Seanad debates

Tuesday, 4 February 2003

Immigration Bill 2002: Report Stage.

 

2:30 pm

Photo of Michael McDowellMichael McDowell (Dublin South East, Progressive Democrats)

The primary purpose of the carrier liability provisions in the Bill is quite straightforward. Carriers which bring non-national passengers into the State should satisfy themselves that those passengers have with them the appropriate documentation to allow them to disembark at their destination – be it a port or airport – in accordance with Irish immigration requirements. For that to work in a sensible practical way, it has to apply to every vehicle arriving in the State from outside the common travel area and, accordingly, it has to apply to the persons responsible for every such vehicle. The Bill, as it stands and subject to the right of the House to amend it, carefully defines a "carrier" in an inclusive all encompassing way.

I do not believe Senator Terry's amendment would add anything helpful to the definition. For example, if I travel alone in a camper van, commercial truck or minibus from France to Rosslare, no issues arise for me under the carrier liability provisions. If, on the other hand, I travel the same route with passengers, there may be issues under this legislation but the immigration officer will not know whether I am alone or whether I have passengers, nor can he tell what is the situation even if the vehicle is not designed for passengers or if it is not customarily used for carrying paying passengers.

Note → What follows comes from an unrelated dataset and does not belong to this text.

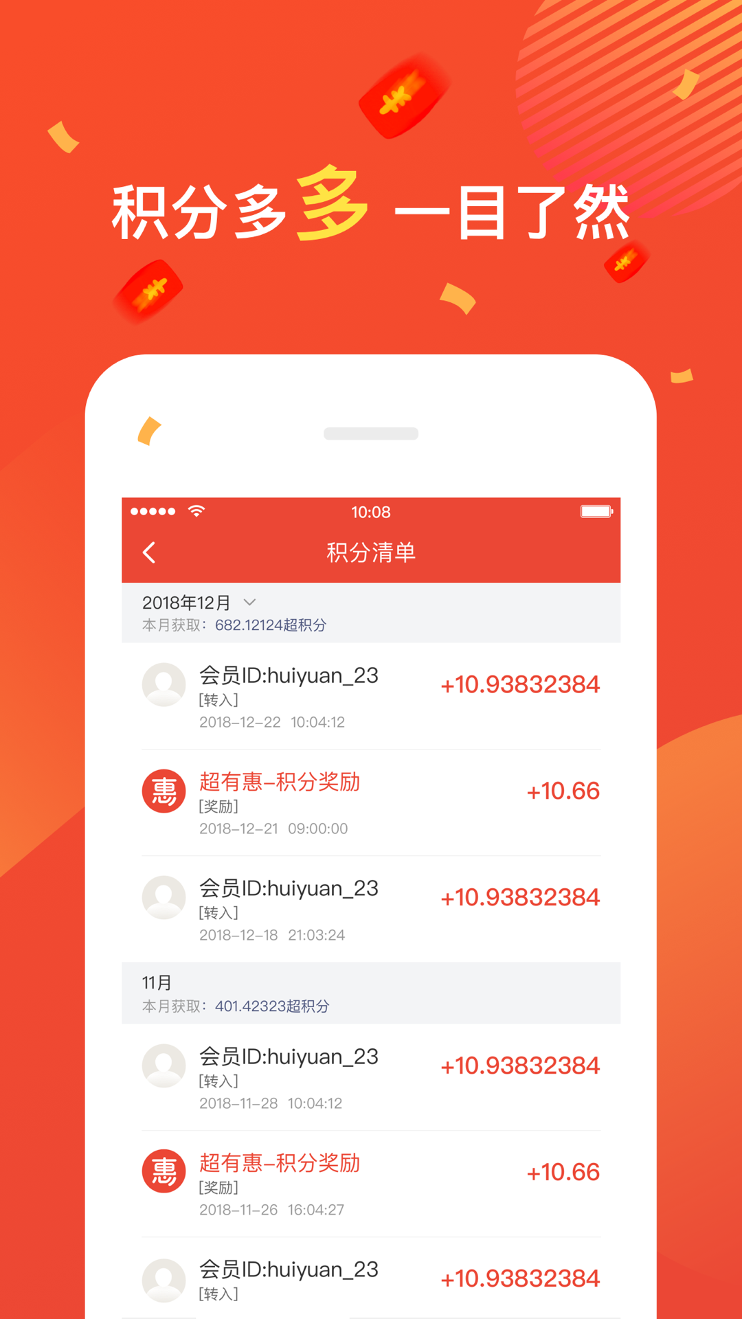 超有惠是一款专为消费者打造的智能购物神器APP。通过这款应用,用户可以在遍布全国的加盟店消费时轻松累积积分,当积分达到指定额度后即可兑换各类精美礼品。平台还定期推出限时折扣、会员专享、节日特惠等丰富活动,让您的每一笔消费都物超所值。操作界面简洁直观,无论是积分查询还是礼品兑换都一目了然。现在下载注册即可获得新人礼包,快来加入超有惠,开启您的智慧消费新体验吧!
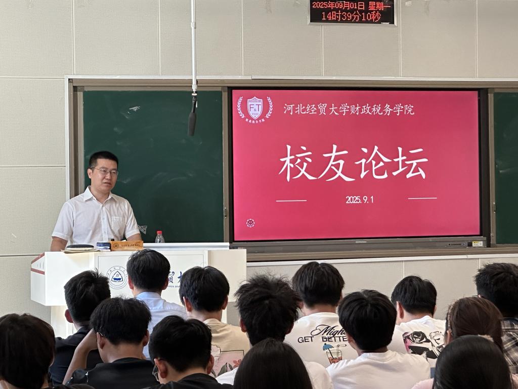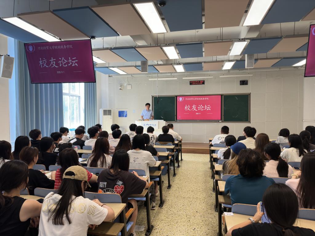 论坛伊始,王学松借自己毕业20周年的契机,深度分享了这些年在财税领域的就业创业经历。他建议学生们先就业再创业,其中主要围绕财务处理、资产评估逻辑和税务筹划等核心内容展开讲解,让同学们直观的了解了三大行业的专业要求以及跨学科交融的市场竞争态势。交流互动环节,王学松耐心解答了同学们有关行业准入门槛的问题。最后,王学松代表天津校友向大家发出邀请,欢迎同学们到天津发展。

The thinking behind the proposed use of the term "carriers of passengers", as suggested by Deputy Terry's amendment, appears to be a desire to confine the scope of the carrier liability provisions to commercial passenger carriers, airlines, ferries and bus companies only. However, it ignores the practicality that unless the term "carrier" applies universally to all arrivals in the State, private and commercial, designed for passengers or cargo only, or for both, the scheme simply will not work. A definition of the sort proposed in the amendment, in attempting to exempt the driver of a private car, actually provides a coach and four, if I may mix metaphors, for the smart and unscrupulous operator to find a way to circumvent the law.

It is not as if the Bill would place an unbearable burden on the operator of a private vehicle. It is only common sense that a driver should know who is in his or her car and check before embarking on the journey that everybody has their passports. In the example of the Rosslare-Cherbourg ferry, the term "carrier" has two meanings in that context. If the carrier is the master of the ship in one sense and also the driver of a vehicle that goes on to the ship in another sense both are encompassed within the definition. In order to get on the Rosslare-Cherbourg ferry at Cherbourg, for example, one will have to satisfy the owners of the boat or the master of the boat that one is documented. It will not be a problem for somebody who is driving their family or driving a group of friends onto a boat in a car because the ferry owner will be caught by this legislation and will not allow undocumented passengers onto the boat.

If I was to say that, in this context, a carrier should be defined as a "carrier of passengers", it could be implied that if one is driving a vehicle not adapted for passengers, they are somehow outside the category. The only sense of such an amendment would be to put the carrier – the owner of a lorry, camper, caravan or whatever – at a disadvantage in so far as there were unknown passengers on their vehicle.